If chasing down renewals feels like Groundhog Day—same emails, same reminders, same last-minute chaos—this guide’s for you. Whether you’re in Sales Ops, RevOps, or just the unlucky soul who owns contract renewals, you’ll learn how to get rid of most of the grunt work using Dealhub. No fluff, just the stuff that actually saves you (and your team) hours.
Let’s get into it.
1. Map Out Your Actual Renewal Process (Don’t Skip This)
Before you start clicking around in Dealhub, step back and write down how renewals really happen today. Not the “official” process, but what people actually do.
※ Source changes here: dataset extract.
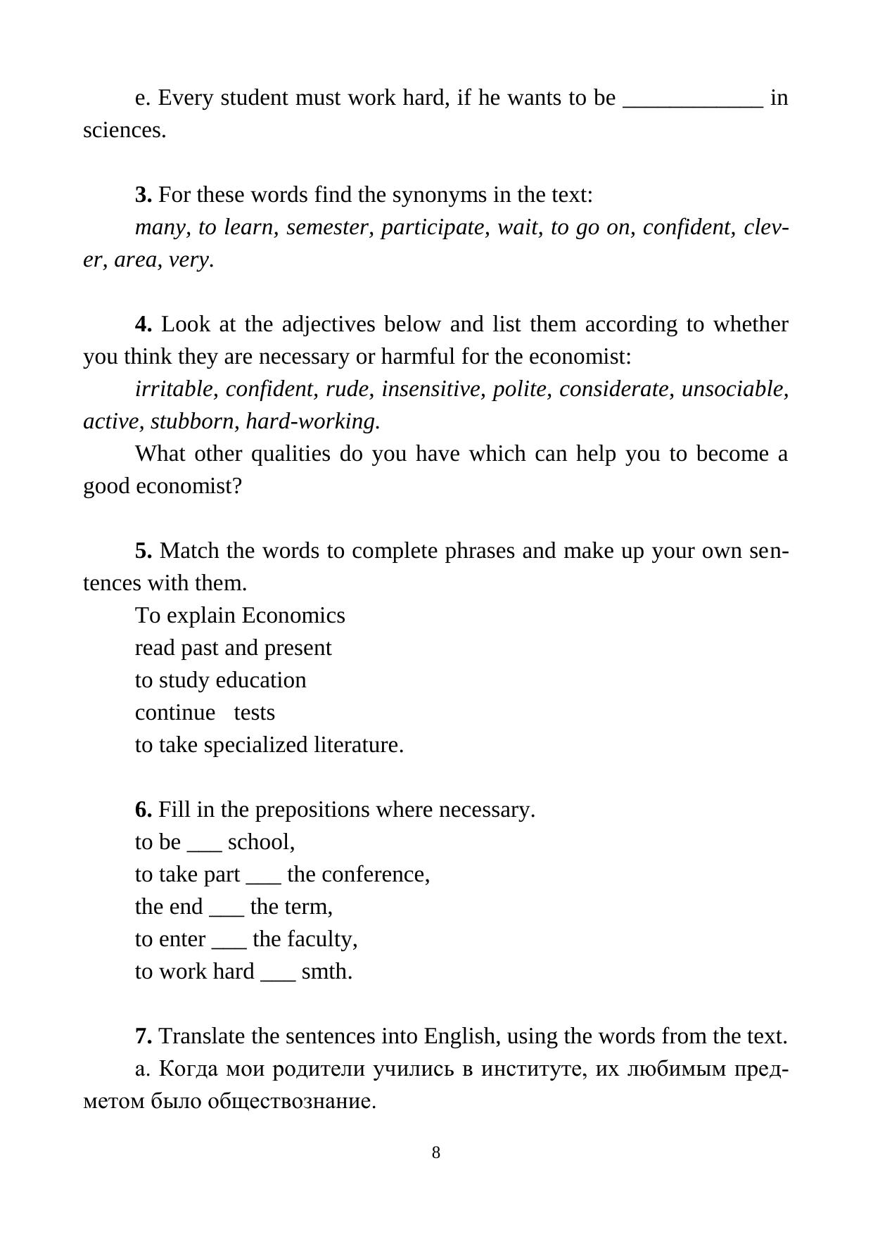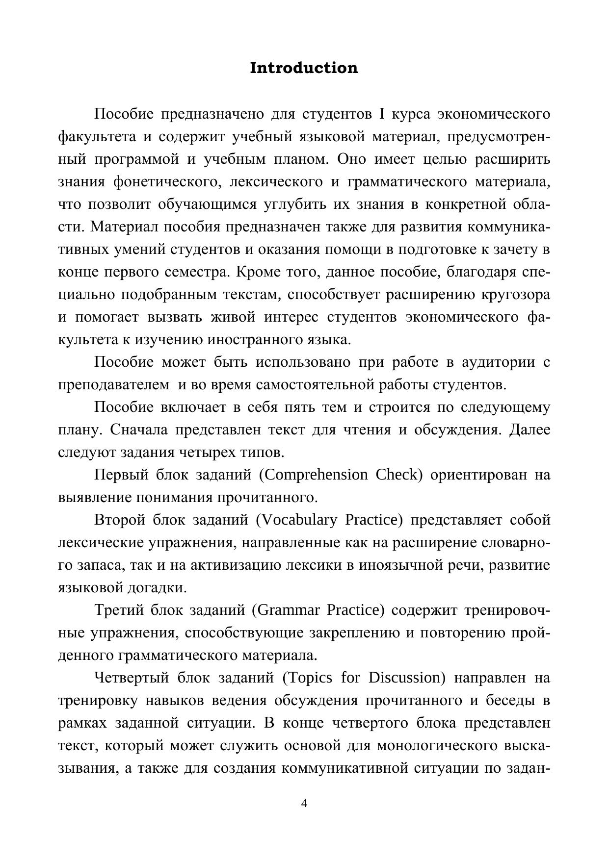 Пособие предназначено для студентов I курса экономического факультета и имеет целью оказать обучающимся помощь в работе с тематическими текстами по специальности, в усвоении лексико-грамматического материала и организации самостоятельной работы студентов.

Grab a notepad and jot down: - When do you start renewal outreach? (30/60/90 days out? Or when someone yells?) - Who’s involved? (AE, CSM, legal, finance…) - What’s sent to the customer? (Quote, new contract, reminders) - Where does info live? (CRM, spreadsheets, inboxes) - What’s the #1 thing that causes delays?
Pro tip: Keep it simple. If your current process is a mess, don’t try to automate every edge case. Focus on your typical renewal flow first. You can always get fancier later.
2. Get the Right Data into Dealhub
Dealhub isn’t magic. It needs the right data—like contract end dates, account owners, and product details—to work its automation mojo.
What you need: - Active contracts with start/end dates - Customer contacts (who gets the renewal notice?) - Product/service info (what are they renewing, and at what price?) - Any custom terms or add-ons
Where to get it: - CRM sync: If your Salesforce/HubSpot data is solid, set up the integration and let Dealhub pull from there. - Manual import: If your CRM is a dumpster fire, you can upload a spreadsheet. Get it clean first—garbage in, garbage out.
Don’t: Try to automate with incomplete or messy data. It’s tempting, but you’ll just create more headaches.
3. Build Your Renewal Playbook in Dealhub
A “playbook” is Dealhub’s term for a guided workflow. For renewals, build a playbook that matches your mapped process.
At a minimum, your playbook should: - Trigger based on contract end date (e.g., 90 days out) - Assign the renewal to the right rep or team - Generate a draft renewal quote or proposal (pulling in latest pricing/terms) - Send an internal alert for review (if needed) - Email the renewal quote to the customer (automatically, or with a manual send)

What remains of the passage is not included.